To push this to the extreme, I did a very simple test where I took a small random set of deps from PyPi top 10 + some of my actual dependencies. Importantly, no large torch wheels - biggest is numpy. The "base" case only takes ~5 seconds, but then adding a torch index adds >20 seconds to that! With a larger set of dependencies (from our actual codebase), each Torch repository adds ~40 seconds, while running without those only takes 15 seconds.

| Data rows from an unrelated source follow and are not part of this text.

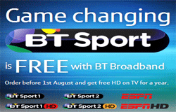 BT Sport comes free with BT Broadband. Get HD on TV also for free for a year when you order before August 1st 2013. With BT Sport you can enjoy 38 Barclays Premier League football matches, 69 live Aviva Premiership rugby matches and 30 live Scottish Premier League matches.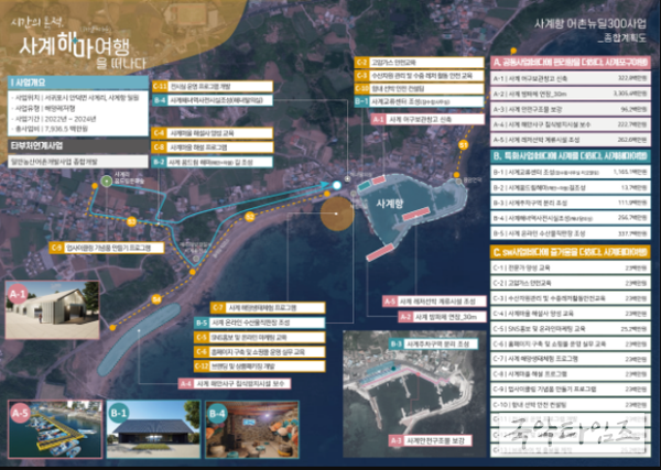 해양수산부의 국책사업인 어촌뉴딜300사업은 낙후된 선착장 등 어촌의 필수 기반시설을 현대화하고, 지역 특성에 맞는 특화개발을 추진에 지역경제에 활력을 불어넣는 지역밀착형 생활SOC사업이다.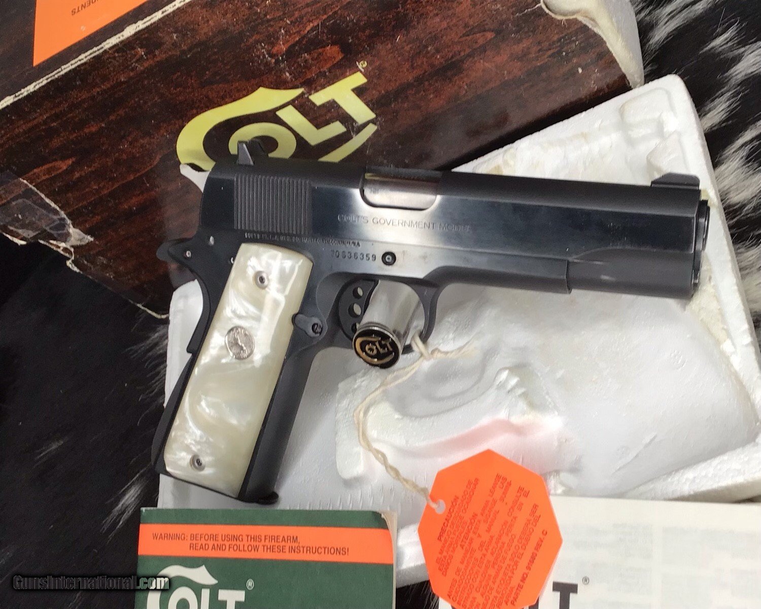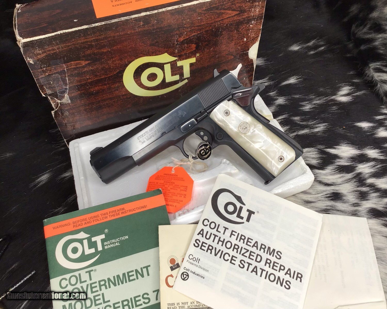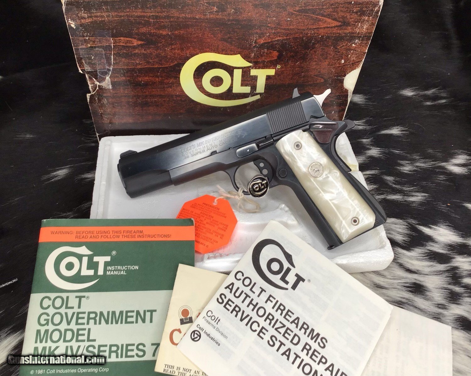 Description: 1980 Colt Government model, 70 Series chambered in .38 Super caliber. Colt Pearlite Grips with Silver Ramparts medallions . 97% or better finish remaining with various light handling marks. Aftermarket sights with White dots. Box is very good with normal age related distress and heavy rubbing to corners. 1 apron missing. A very nice 70 serial in the desirable .38 Super caliber. Add 3% if paying with credit card. God Bless America from a proud American, and a Viet Nam Vet , thankful for our freedoms.. paid for by the Blood ,Sweat and Tears of our brave men and women in uniform. Ten Below Firearms is a Veteran owned and operated business. We specialize in out of production models of high quality firearms. We love to ship! If you are out of state or can't make it to our store, just give us a call! Handguns normally ship for $30 and Long guns for $40 to $55 for extra length long guns. That's 2-3 day USPS Priority shipping, Delivery conformation and with tracking number. Optional Postal insurance is additional $1.50 per $100 and highly recommended. We are OPEN BY APPOINTMENT ONLY FOR IN PERSON VISITS. SOLD Handgun Caliber: .38 Super Auto Manufacturer: Colt Model: 1911 70 Series Serial Number: 70S36359 Barrel Length: 5 inch Condition: Very good Metal Condition: Very good Bore Condition: Very good Action: Single action semi-auto Finish: Blued Manufacture Date: 1980 |

Spending an hour trying different combos, I generated the below graph. This is only using torch extra indexes, because they're extraordinarily slow, but I think Pip greedily querying each package is the actual issue here. If it just fetched the index once it'd get rid of all these extra calls and have no slowdown.

Expected behavior

PIP does not needlessly query project pages for projects that are not listed on a PEP503 root page.

pip version

23.3.1

Python version

Multiple

OS

WSL/Linux

How to Reproduce

Run this command: pip download -vv --extra-index-url https://download.pytorch.org/whl/cpu/ attrs
Observe 403's in the log
Note that attrs is not on the index page, and there should have been no query for it from there.

Output

$ pip download --extra-index-url https://download.pytorch.org/whl/cpu/ attrs -vv
Created temporary directory: /tmp/pip-build-tracker-7fbaxk8_
Initialized build tracking at /tmp/pip-build-tracker-7fbaxk8_
Created build tracker: /tmp/pip-build-tracker-7fbaxk8_
Entered build tracker: /tmp/pip-build-tracker-7fbaxk8_
Created temporary directory: /tmp/pip-download-6m8lybxt
Looking in indexes: https://pypi.org/simple, https://download.pytorch.org/whl/cpu/
2 location(s) to search for versions of attrs:
* https://pypi.org/simple/attrs/
* https://download.pytorch.org/whl/cpu/attrs/
Fetching project page and analyzing links: https://pypi.org/simple/attrs/
Getting page https://pypi.org/simple/attrs/
Found index url https://pypi.org/simple/
Looking up "https://pypi.org/simple/attrs/" in the cache
Request header has "max_age" as 0, cache bypassed
Starting new HTTPS connection (1): pypi.org:443
https://pypi.org:443 "GET /simple/attrs/ HTTP/1.1" 304 0
Fetched page https://pypi.org/simple/attrs/ as application/vnd.pypi.simple.v1+json
  <SNIP for Found link spam>
Fetching project page and analyzing links: https://download.pytorch.org/whl/cpu/attrs/
Getting page https://download.pytorch.org/whl/cpu/attrs/
Found index url https://download.pytorch.org/whl/cpu/
Looking up "https://download.pytorch.org/whl/cpu/attrs/" in the cache
Request header has "max_age" as 0, cache bypassed
No cache entry available
Starting new HTTPS connection (1): download.pytorch.org:443
https://download.pytorch.org:443 "GET /whl/cpu/attrs/ HTTP/1.1" 403 None
Status code 403 not in (200, 203, 300, 301, 308)
Could not fetch URL https://download.pytorch.org/whl/cpu/attrs/: 403 Client Error: Forbidden for url: https://download.pytorch.org/whl/cpu/attrs/ - skipping
Skipping link: not a file: https://pypi.org/simple/attrs/
Skipping link: not a file: https://download.pytorch.org/whl/cpu/attrs/
Given no hashes to check 51 links for project 'attrs': discarding no candidates
Collecting attrs
  File was already downloaded /home/ts/Repositories/erupt/attrs-23.1.0-py3-none-any.whl
Created temporary directory: /tmp/pip-unpack-wvrr13ns
Created temporary directory: /tmp/pip-unpack-_z8e1xys
Successfully downloaded attrs
Remote version of pip: 23.3.1
Local version of pip:  23.3.1
Was pip installed by pip? True
Removed build tracker: '/tmp/pip-build-tracker-7fbaxk8_'

Code of Conduct

[X] I agree to follow the PSF Code of Conduct.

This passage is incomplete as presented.